== Exercise description ==
Please return the data that follows precisely as written, but without the images.

----- Dataset content -----

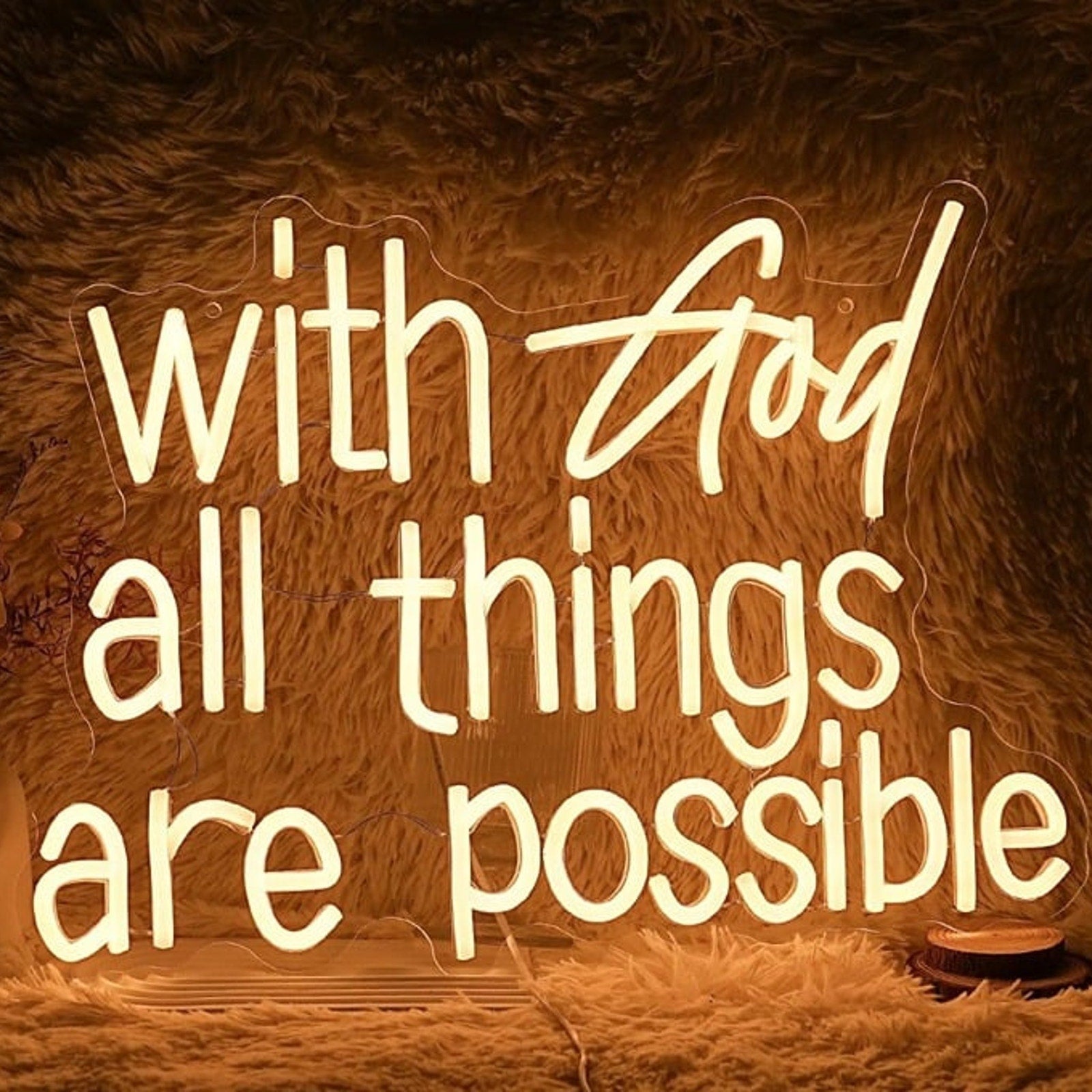 Lovely Bright Warm White “With God All Things Are Possible” LED Light Room Decor
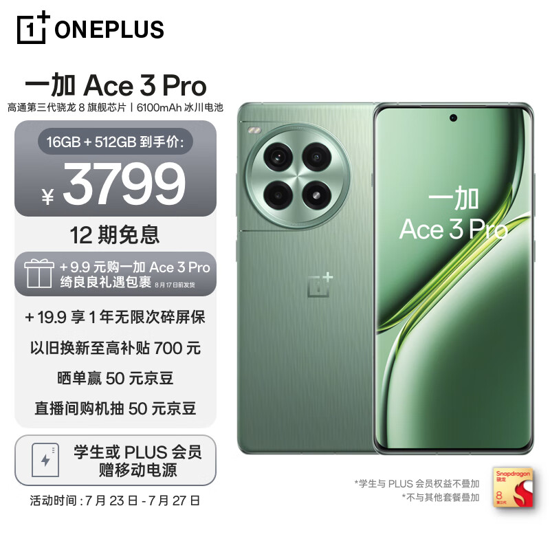一加 Ace 3 Pro 16GB+512GB 绿野素青 第三代骁龙 8 旗舰芯片 6100mAh 冰川电池 AI智能游戏手机价格:3799.00元!
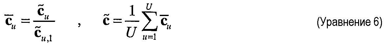 Необходимо отметить, что в некоторых аспектах нормализующим элементом может быть любой элемент вектора калибровки при условии, что он является одинаковым элементом для каждой оценки вектора калибровки, например, первый элемент или другой элемент. Сумма нормализованных элементов затем делится на общее количество элементов U вектора .

-----

== Output for this exercise ==
 Lovely Bright Warm White “With God All Things Are Possible” LED Light Room Decor
一加 Ace 3 Pro 16GB+512GB 绿野素青 第三代骁龙 8 旗舰芯片 6100mAh 冰川电池 AI智能游戏手机价格:3799.00元!
 Необходимо отметить, что в некоторых аспектах нормализующим элементом может быть любой элемент вектора калибровки при условии, что он является одинаковым элементом для каждой оценки вектора калибровки, например, первый элемент или другой элемент. Сумма нормализованных элементов затем делится на общее количество элементов U вектора .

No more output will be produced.